Graduate Program in Clinical Care in Nursing and Health, State University of Ceará, Fortaleza, Brazil.
Graduate Program in Computer Science, State University of Ceará, Fortaleza, Brazil.
Comput Math Methods Med. 2021 Jul 9;2021:4602465. doi: 10.1155/2021/4602465. eCollection 2021.
Dementia interferes with the individual's motor, behavioural, and intellectual functions, causing him to be unable to perform instrumental activities of daily living. This study is aimed at identifying the best performing algorithm and the most relevant characteristics to categorise individuals with HIV/AIDS at high risk of dementia from the application of data mining. Principal component analysis (PCA) algorithm was used and tested comparatively between the following machine learning algorithms: logistic regression, decision tree, neural network, KNN, and random forest. The database used for this study was built from the data collection of 270 individuals infected with HIV/AIDS and followed up at the outpatient clinic of a reference hospital for infectious and parasitic diseases in the State of Ceará, Brazil, from January to April 2019. Also, the performance of the algorithms was analysed for the 104 characteristics available in the database; then, with the reduction of dimensionality, there was an improvement in the quality of the machine learning algorithms and identified that during the tests, even losing about 30% of the variation. Besides, when considering only 23 characteristics, the precision of the algorithms was 86% in random forest, 56% logistic regression, 68% decision tree, 60% KNN, and 59% neural network. The random forest algorithm proved to be more effective than the others, obtaining 84% precision and 86% accuracy.

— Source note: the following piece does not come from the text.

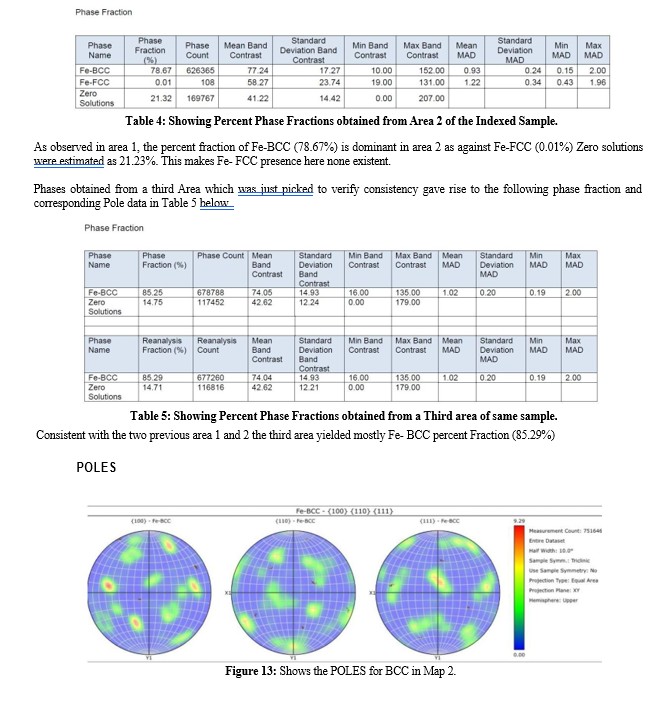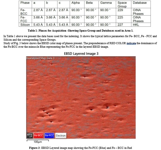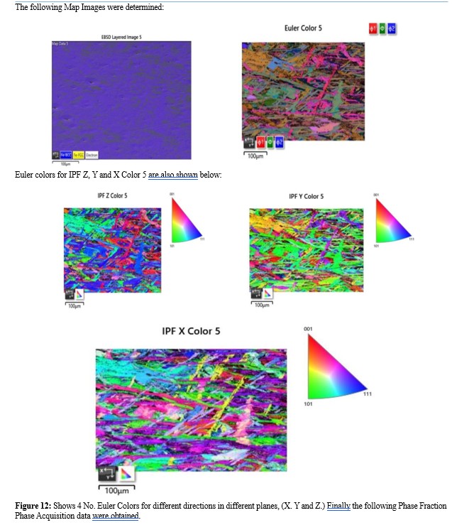 SEM and EBSD data were obtained at the The McCrone Group laboratory. For the scanning electron microscopy (SEM) imaging, EBSD and X-ray spectroscopy (EDS) analyses, samples were prepared using standard grinding and polishing procedures. The mechanically polished surface was etched in Nital-2% concentrated HNO3 in ethanol for a few seconds for SEM. Each sample was further polished using the Leica TIC3X triple ion beam polisher. Even though the polish was considered good it still had about 15% zero solutions. That is areas producing no patterns or unindexable patterns, which were likely due to variations in the surface finish. The SEM equipment was set at Accelerating Voltage of 20.22Kv; Specimen Tilt (degree) of 70.00; Hit Rate of 78.88% and Speed of Acquisition set at 40.32Hz.

痴呆症会干扰个体的运动、行为和智力功能,导致其无法进行日常的工具性活动。本研究旨在从数据挖掘的应用中确定性能最佳的算法和最相关的特征,以对 HIV/AIDS 患者发生痴呆的风险进行分类。使用主成分分析(PCA)算法,并在以下机器学习算法之间进行了比较:逻辑回归、决策树、神经网络、KNN 和随机森林。本研究使用的数据库是从巴西塞阿拉州一家传染病参考医院的门诊 270 名感染 HIV/AIDS 的个体的数据收集构建的,时间为 2019 年 1 月至 4 月。此外,还对数据库中 104 个特征的算法性能进行了分析;然后,通过降维,机器学习算法的质量得到了提高,并确定了在测试过程中,即使丢失了大约 30%的变化,也有很好的效果。此外,仅考虑 23 个特征时,随机森林算法的准确率为 86%,逻辑回归为 56%,决策树为 68%,KNN 为 60%,神经网络为 59%。随机森林算法比其他算法更有效,准确率为 84%,准确度为 86%。